I have been a survivor for close to a year now. I have NSCLC with brain mets. My LC has never produced symptoms but the brain mets sure did! A year ago i lost all touch sensation to the right side of my face, accompanied by excruciating pain that was originally diagnosed as trigeminal neuralgia. My family doc sent me to an ENT specialist who found nothing, said i needed an MRI, and there they were, brain mets and a lot of them. One was putting pressure on the trigeminal nerve root. The hunt was on for the primary and they found it in my lungs. Many small lesions.  I started with 5 rounds of WBR and the day before i was to start chemo, my onc called to tell me i had the EGFR mutation (oh happy day!!) He started me on Afatinib 40 mg and i was good for the first 2 or 3 months, then WHAM hit with nasty nasty side effects. 2 wk break to let my body heal, then started again at 30mg. Im doing really well now. Chest xray is NED, CT still shows a few spots and they're much smaller. Nov 1st i go for my first brain MRI in 6 months.

Im a positive cheerful person and a fierce warrior when it comes to my cancer.
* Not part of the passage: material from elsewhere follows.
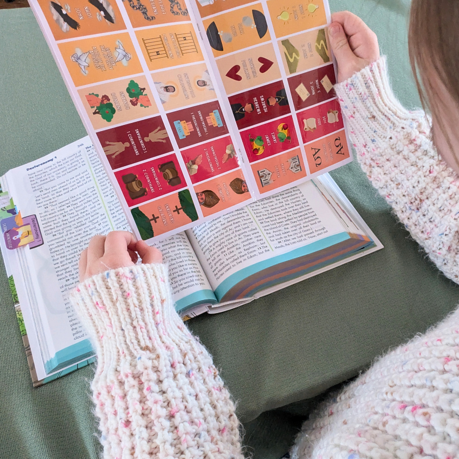 There are many Bible Tabs…but this set was designed for kids! The image on each Bible Tab is colorful and intended to help kids get to know the books of the Bible. Also, the Bible tabs are easy to remove and add to a Bible.
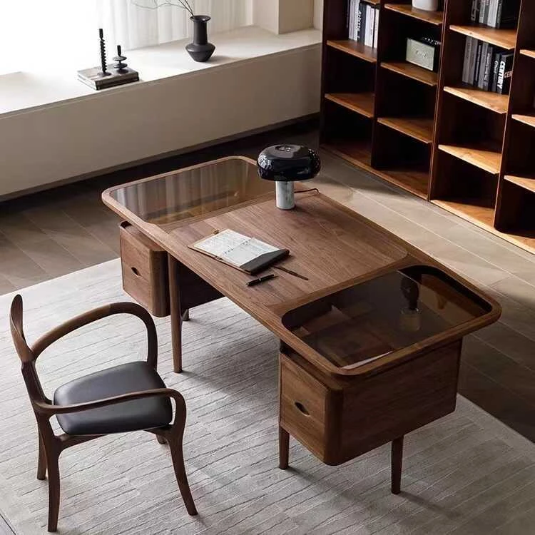 妙梵「沐風洲」北米黒胡桃の木製ライティングデスク - イタリアンラグジュアリーの無垢材大板デスク、書斎やオフィスに最適!高級感あふれるデザインで、快適な作業空間を実現します。

Learning all the ins and outs of new drugs etc.. as well as trying to learn the areas of my brain has been a bit challenging. Memory loss doesn't help with that!!

I wish you ALL continued good health, and easy solutions when things arise.♡♡

Posted

Carolyn , welcome. Glad you posted here to share your story.  Very happy they tested for EGFR.  It is so wonderful that you have responded so well. Ned chest x ray and shrinking .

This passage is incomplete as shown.